Wait task definition object

A Wait task (identified by "type": "Wait") causes the system to delay the process from continuing for a specified time. The time can be specified as a wait duration, specified in seconds, or an absolute expiry time, specified as an ISO-8601 extended offset date-time format string.

For example, the following Wait task introduces a ten-second delay into a process:

"Wait Ten Seconds" : {
  "type": "Wait",
  "seconds": 10,
  "nextTask": "Next Task"
}

This waits until an absolute time:

"Wait Until" : {
  "type": "Wait",
  "timestamp": "2016-03-14T01:59:00Z",
  "nextTask": "Next Task"
}

The wait duration does not need to be hardcoded.

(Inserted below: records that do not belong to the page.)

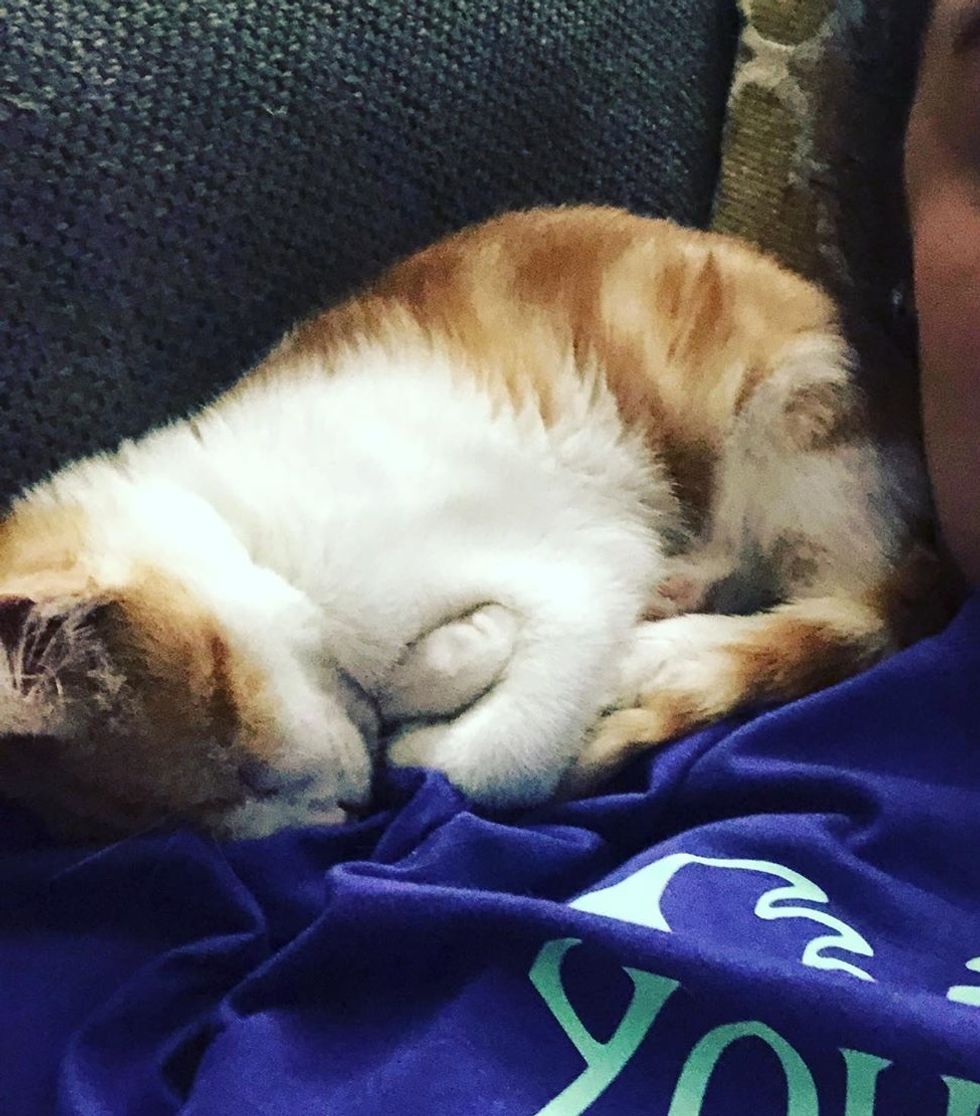 The little former stray has blossomed into an expert cuddler and napper.
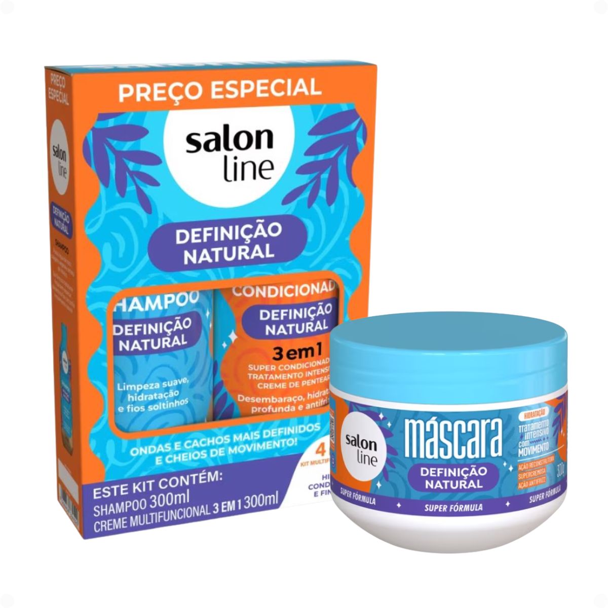 Kit Salon Line Definição Natural: Shampoo + Creme Multifuncional 300ml e Máscara Capilar 300g
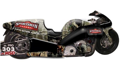 It's a perfect alliance between Bradford, an avid hunting and fishing enthusiast, and a channel dedicated to the sportsman. "My background is a natural for The Sportsman Channel," said Bradford. "Basically, I'm passionate about three things in life: pro stock motorcycle racing, hunting and fishing, and my family." The Sportsman Channel corporate office is based in New Berlin, Wisc., which is also the home base for Bradford and longtime associate sponsors Hal's Speedshop, Hal's Harley-Davidson/Buell and Stitch-it-Embroidery. "Our mutual sponsors introduced us and were ultimately the connection there," said Bradford, who worked with The Sportsman Channel's Sr. Vice President, Todd Hansen, to form a marketing partnership. "This is a great opportunity for The Sportsman Channel to form new partnerships and reach out to enthusiasts in other markets," said Hansen. "Tom is an excellent performer and we are excited to meet his supporters at the races." "My team is obviously very, very enthused about this relationship with a sponsor outside of the motorcycle and automotive industries," continued Bradford. "And we're looking forward to introducing NHRA fans to The Sportsman Channel." The Sportsman Channel and Bradford Racing concept motorcycle is fully draped in Realtree(r) All Purpose camouflage pattern. Bradford will wear a similar-looking driver suit and the trailer will also carry all sponsors logos while integrating the camouflage pattern. "The bike is really, really cool the way we're doing it. It's done in a true sportsman theme which is something that will certainly be unique and interesting to all the NHRA fans," said Bradford. The Sportsman Channel is dedicated to the over 47 million sportsmen in the U.S. who demand 24/7/365 hunting and fishing programs. The strict programming guidelines don't allow for infomercials, motorsports, bull riding, hiking, cycling or any other variety programming-just tried and true hunting and fishing programming. No other channel can claim this. And few competitors can claim a first full year in NHRA POWERade competition like the year five-time AHDRA national champion Bradford and his team had in 2006. They nailed down a number one qualifier in St. Louis, became the fourth member of the exclusive Mickey Thompson 6 Second Club in Sonoma, made the Ringers Gloves Pro Bike Battle in Indianapolis, finished sixth in the Full Throttle NHRA Pit Crew Championship, and eighth in the POWERade Point Standings. And Bradford finished the season off with a final round appearance in Pomona. "I am so fired up about 2007, I just can't wait for Gainesville!" said Bradford, who starts the new season March 15-18 at the ACDelco NHRA Gatornationals at Gainesville Raceway, Gainesville, Fla. Tom thanked The Sportsman Channel, Red Line Oil, Balbayis Asset Consulting, Hal's Harley-Davidson/Buell, Stitch-it-Embroidery, CRD Inc., MicroBlue Racing, Vanson Leathers, S&S Cycle, Buell Motor Co., T-N-S Machining, Autolite, Simpson, and EBC Brakes for their support of the Thunder Eagle/Tom Bradford Racing Team.

Here is the same example, reworked to look up the timestamp time using a JSONPath expression tothe data, which might look like { "expiryDate": "2016-03-14T01:59:00Z" }:

"Wait Until" : {
  "type": "Wait",
  "timestampExpression": "${expiryDate}",
  "nextTask": "Next Task"
}

The Wait task has following additional fields:

Field

Type

Required

Description

seconds

Integer

Yes

The number of seconds to delay the process.

secondsExpression

String

JSONPath expression to lookup reference data for duration in seconds.

timestamp

String

The absolute time to wait until in ISO-8601 extended offset date-time format string.

timestampExpression

String

JSONPath expression to lookup reference data for a future date time in ISO-8601 extended offset date-time format string.

The JSONPath expression must be inside a placeholder ${ }. To escape the expression, prefix it with an extra $ character, e.g. $${ }. See JSONPath for more information about JSONPath.

JSONata expression can also be used instead of JSONPath, prefix the expression with jsonata, e.g. ${jsonata: }. See JSONata for more information about JSONata.

To reference workflow input, use ${workflow.input}.

To reference task input and output, use ${<TASK_NAME>.input} and ${<TASK_NAME>.output} respectively.